Configuring a Surrogate Key Generator Processor

Configure a Surrogate Key Generator processor to generate a unique surrogate key for each record.

  1. In the Properties panel, on the General tab, configure the following properties:
    General Property Description
    Name Stage name.
    Description Optional description.
    Cache Data Caches data processed for a batch so the data can be reused for multiple downstream stages. Use to improve performance when the stage passes data to multiple stages.

    Caching can limit pushdown optimization when the pipeline runs in ludicrous mode.

  2. On the Key Generator tab, configure the following options:
    Key Generator Property Description
    Output Field Field to pass the generated key value to.
    Minimum Value Minimum key value to start with.

    Used when the initial value or the last-saved offset equals or exceeds the maximum value as the pipeline starts.

    Default is 1.

    Maximum Value Maximum key value to start with.

    If the initial value or the last-saved offset equals or exceeds the maximum value, the processor starts with the minimum value.

    The processor checks the maximum value only when the pipeline starts. As a result, a single pipeline run can exceed the maximum value.

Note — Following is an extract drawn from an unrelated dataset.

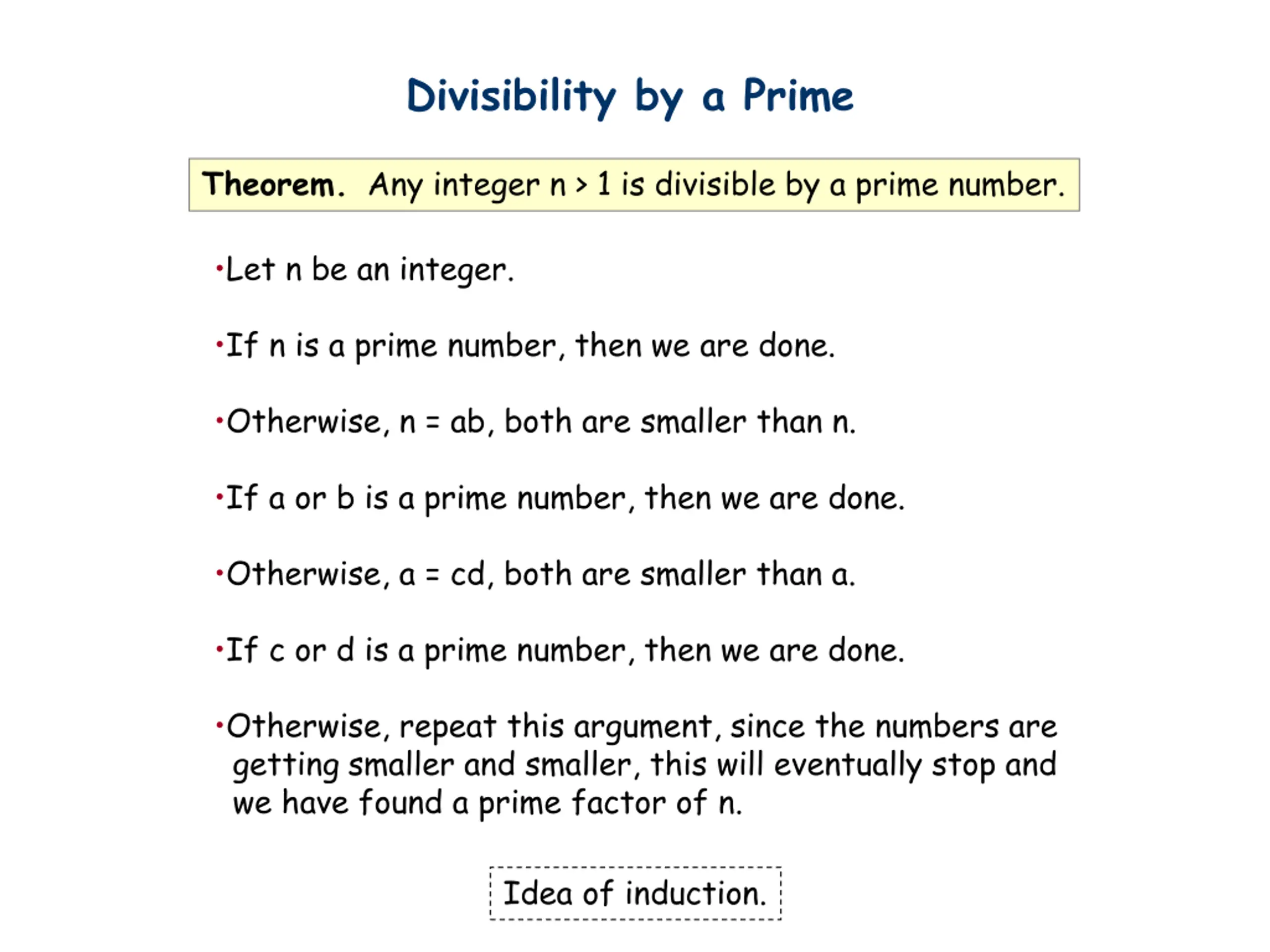 Divisibility by a Prime Theorem. Any integer n > 1 is divisible by a prime number. Let n be an integer. If n is a prime number, then we are done. Otherwise, n = ab, both are smaller than n. If a or b is a prime number, then we are done. Otherwise, a = cd, both are smaller than a. If c or d is a prime number, then we are done. Otherwise, repeat this argument, since the numbers are getting smaller and smaller, this will eventually stop and we have found a prime factor of n. Idea of induction.
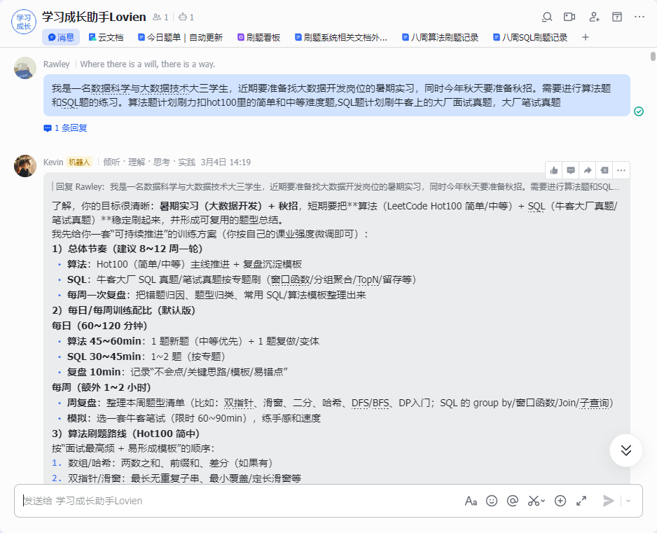 我最后用 OpenClaw 里搭建的 Agent(学习成长助手 Lovien)在群聊里一步步把它“聊出来 / 改出来 / 跑起来”:

    Important: Use caution when changing the default maximum value. If you set the maximum value to a low number relative to the number of partitions and the number of processed records, the processor can create duplicate keys in later pipeline runs.

    Default is 9223372036754776000.

    Initial Value Initial key value to start with.

    Used when the pipeline first starts or when the pipeline starts with reset offsets and the initial value does not equal or exceed the maximum value.

    Default is the same as the maximum value, which causes the processor to use the minimum value as the starting key value.